President Obama has outlined energy policy goals in every one of his State of the Union addresses. But he avoided specifics in tonight's speech and instead celebrated positive domestic changes in fossil fuels and renewable electricity.
As gasoline prices continue to drop, low natural gas prices give domestic manufacturers a competitive edge, and the renewable energy industry breaks investment and installation records, the president used his speech to remind Americans how much had changed since he took office.
"We believed we could reduce our dependence on foreign oil and protect our planet. And today, America is number one in oil and gas. America is number one in wind power. Every three weeks, we bring online as much solar power as we did in all of 2008. And thanks to lower gas prices and higher fuel standards, the typical family this year should save $750 at the pump," he said.
If that solar statistic sounds familiar, it was adapted from data on U.S. installations compiled by GTM Research's Shayle Kann. In 2014, there were twenty-two times as many solar installations as there were in 2008.
President Obama's brief comments about energy were part of a broader narrative about how the country had turned around after a "breakthrough year" in 2014.
"Tonight, after a breakthrough year for America, our economy is growing and creating jobs at the fastest pace since 1999. Our unemployment rate is now lower than it was before the financial crisis. More of our kids are graduating than ever before; more of our people are insured than ever before; we are as free from the grip of foreign oil as we’ve been in almost 30 years," said the president.
The speech differed from previous years, when Obama focused on aspirational targets for clean energy and fossil fuels.
Jennifer Dlouhy, an energy reporter from the Houston Chronicle, compiled quotes on energy and the environment from all six of the president's State of the Union addresses. They show a mixed track record on achieving targets from previous speeches.

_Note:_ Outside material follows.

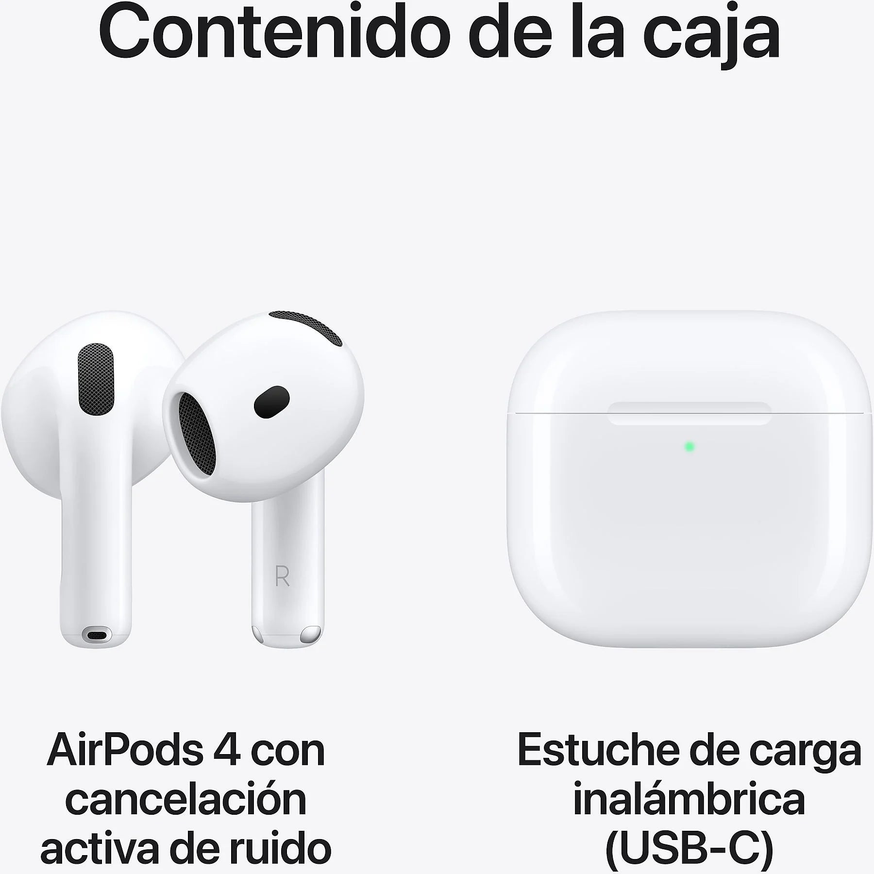 Apple AirPods 4 con Cancelación Activa de Ruido (2024 4ª gen), Inalámbricos, Bluetooth®
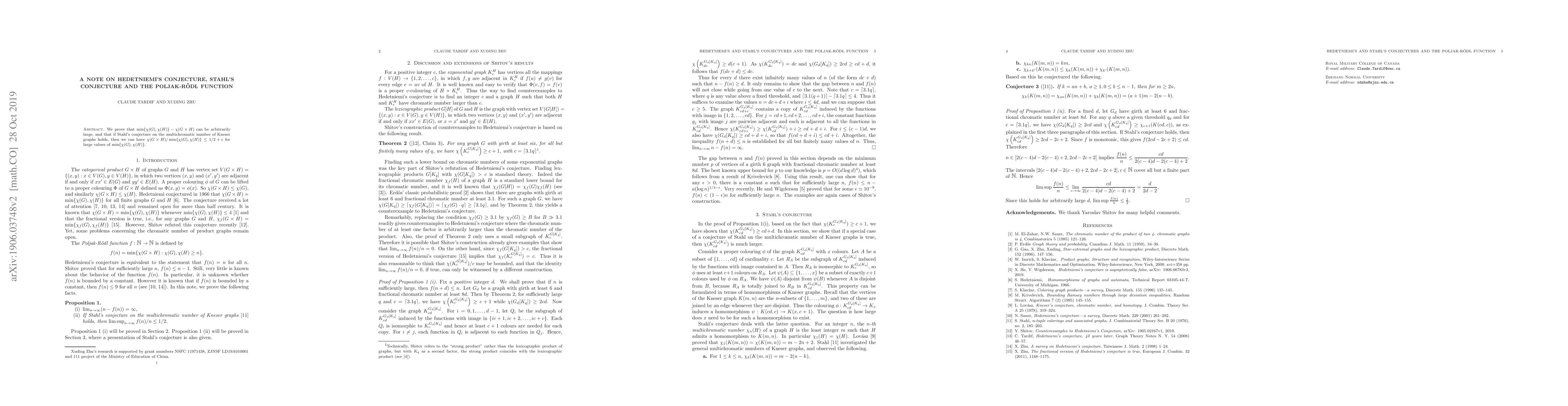 Researchers prove that the difference between chromatic numbers of graphs G and H can be arbitrarily large, while also showing a potential bound on this difference when Stahl's conjecture holds, which could have implications for understanding graph coloring.

In 2009, the president demanded a cap-and-trade bill, and called for a doubling of renewable energy in three years. Renewable electricity actually doubled in two years; however, renewable fuels have largely struggled.
In 2010, he called for more advanced nuclear, a comprehensive energy bill and eliminating tax breaks for fossil fuels. Months later, the cap-and-trade bill flamed out. And although the administration has set aside small amounts of money for nuclear, it has not built a strategy around the technology.
Obama declared 2011 a "Sputnik moment" for energy innovation, setting a goal of putting 1 million electric cars on the road by 2015 and procuring 80 percent of electricity from renewables by 2035. The White House later walked back the EV goal after sales failed to take off as expected. And the government's energy research arm, the Energy Information Administration, later released an analysis showing that America would only get 9 percent of electricity from renewables by 2035 -- an absurdly low assumption, but not a positive message for the White House.
In 2012, the president fully embraced the unconventional oil and gas boom, and used a phrase that roiled environmentalists: "all of the above." On clean energy, he called for a national renewable energy standard, passage of the Production Tax Credit (PTC) for wind, and a comprehensive energy efficiency bill from Congress. The PTC ended up passing, but Congress has done nothing on a national renewable energy law and narrowly failed to pass the Shaheen-Portman efficiency bill last year.
In 2013, Obama stepped up rhetoric on climate change after environmentalists pressured him to talk about the issue during his campaign. He promised to use executive actions to clean up America's energy mix, saying, "if Congress won’t act soon...I will." This turned out to be one of the defining pieces of the president's energy agenda. That summer, he detailed his wide-ranging climate action plan, which included EPA regulations on existing power plants.
In 2014, the president was a bit lighter on specifics. He continued using the "all of the above" phrase, and called for a bill that would boost use of natural gas in automobiles. That bill never made it through Congress.
The only policy goal outlined by Obama this year was an infrastructure plan -- seemingly as a way to hedge against his threatened veto of a bill supporting Keystone XL.
"Let’s set our sights higher than a single oil pipeline. Let’s pass a bipartisan infrastructure plan that could create more than 30 times as many jobs per year, and make this country stronger for decades to come," said Obama.
Other than a brief mention of an infrastructure bill, tonight's State of the Union speech was more about framing the domestic energy boom as part of a recovering America rather than laying out new goals.
The president wrapped up his energy remarks by hailing a recent climate agreement with China that could boost prospects for global climate deal.
"In Beijing, we made an historic announcement -- the United States will double the pace at which we cut carbon pollution, and China committed, for the first time, to limiting their emissions. And because the world’s two largest economies came together, other nations are now stepping up, and offering hope that, this year, the world will finally reach an agreement to protect the one planet we’ve got."